引風鎮街道之上,寂靜無聲,楚寧月與柳瘟并列而行,后者面上盡是疑惑之色,而前者則是不動聲色。此時楚寧月以神識窺探引風鎮全貌,已然知曉其中發生何事。
此地并未遭遇什么災難,此時街道之上,之所以空無一人,乃是因為此刻鎮中之人,皆都匯聚去了同一個地點。
引風鎮深處,一座高坡之上,一顆不知存在多久的參天大樹,矗立于此,好似便是此座城鎮的守護者。參天大樹之上,掛滿紅色布條,乃是先前居民祈福所用。
只是隨著引風鎮逐漸沒落,這顆古樹亦是無人問津,來往之人,越發稀少。
可是今日,這顆古樹之下,再現昔日盛景,只是來此之人,再也不是為了祈福,而是為了一分勝負。

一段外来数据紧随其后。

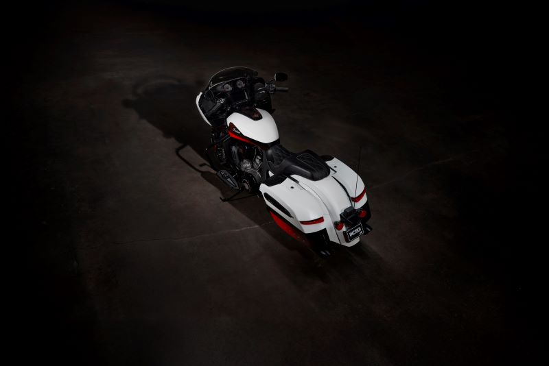 La Indian Challenger Elite inspira su diseño en el legado de Gene “Alabama Flash” Walker, que estableció un récord de velocidad en tierra en 1920 con su Indian PowerPlus y fue considerado el “hombre vivo más rápido”. La Indian Challenger Elite luce una pintura tricolor, con acabados premium Black Candy y Red Candy sobre pintura Crystal White Pearl Satin, y está realzada con partículas de cristal fragmentado en la pintura para añadir brillo y profundidad. El trabajo de pintura multicapa se completa con un patrón del logotipo de Indian Motorcycle Headdress sobre un difuminado pintado a mano. La llamativa pintura se complementa con acabados negros Dark Horse premium en toda la moto, dando a la bagger de edición limitada un estilo atrevido, inspirado en las carreras, que llama la atención.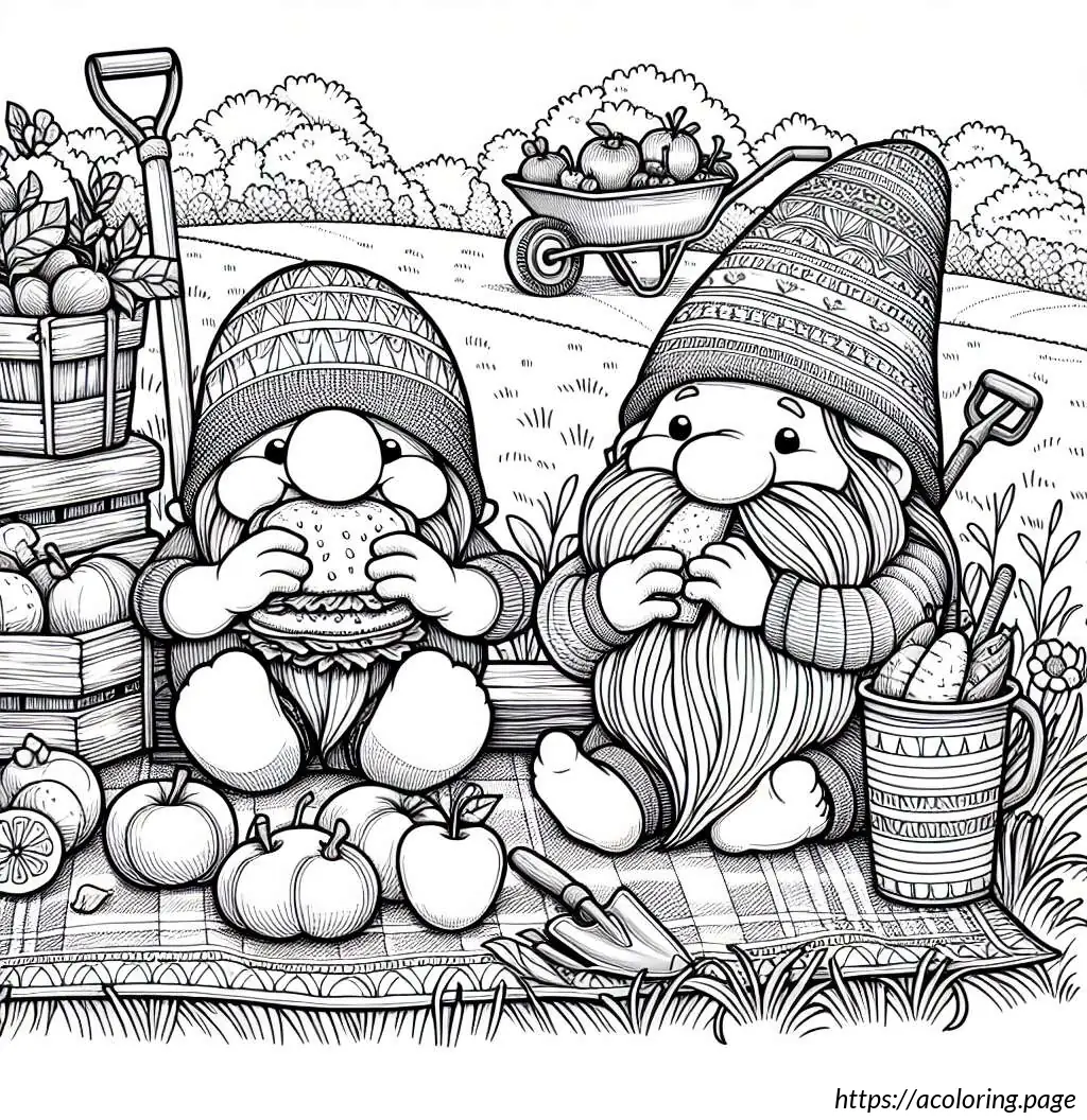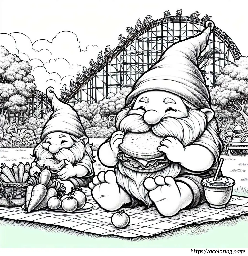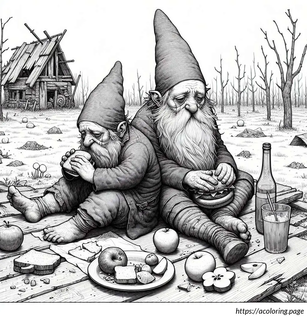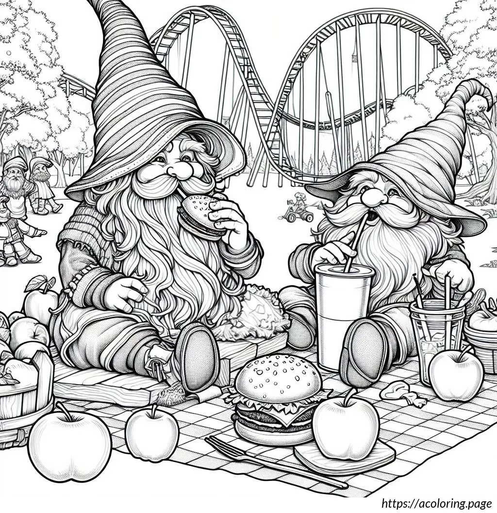 This image depicts a charming and playful scene featuring two gnome-like characters in a whimsical outdoor setting. The character on the left is holding a burger, about to take a bite, dressed in a traditional outfit with a tall, floppy hat and a full beard. The gnome on the right is enjoying a beverage, using a straw to drink from a cup, also dressed similarly with a long beard and a pointed hat.

眾人大致分為三個陣營,左方陣營之中,以一名佝僂老者為首,其身邊則站著一名,身形高挑的華服男子,看此地布設,今日似是要在此地舉行什么儀式,而他便是主角。
而右方陣營之中,則以一名二十出頭,卻面上帶有疤痕,樣貌可憎的青年為首。其身后,則是站著一眾與其服飾相近的青年,其中大多數人雙掌之上皆生有老繭,與左方陣營之人細皮嫩肉不同。
至于第三陣營,則是站在高坡之下,人數眾多,但這些人皆都是引風鎮之內的平頭百姓,他們今日來此只是受葉家之邀,來此觀禮罷了。
誰曾想,就在家主繼任大典之上,葉家的二公子,竟會忽然現身,更是率領一眾族人,站出來反對,今日葉家可謂是家丑外揚。
“大哥,我萬萬沒有想到,你竟會為了權勢,對我下手”
刀疤青年冷聲開口,此時望著華服男子,但這一聲大哥,已是不帶半分情感,此刻只想要將對方,斬于刀下。
“葉瓊,你敢對家主無禮,該當何罪”
華服男子并未開口,始終站在原地,看向昔日二弟的眼神,亦是平靜無比,仿佛對方所言,與自己毫無干系。倒是其身旁的佝僂老者,開口之間,以木杖拄地。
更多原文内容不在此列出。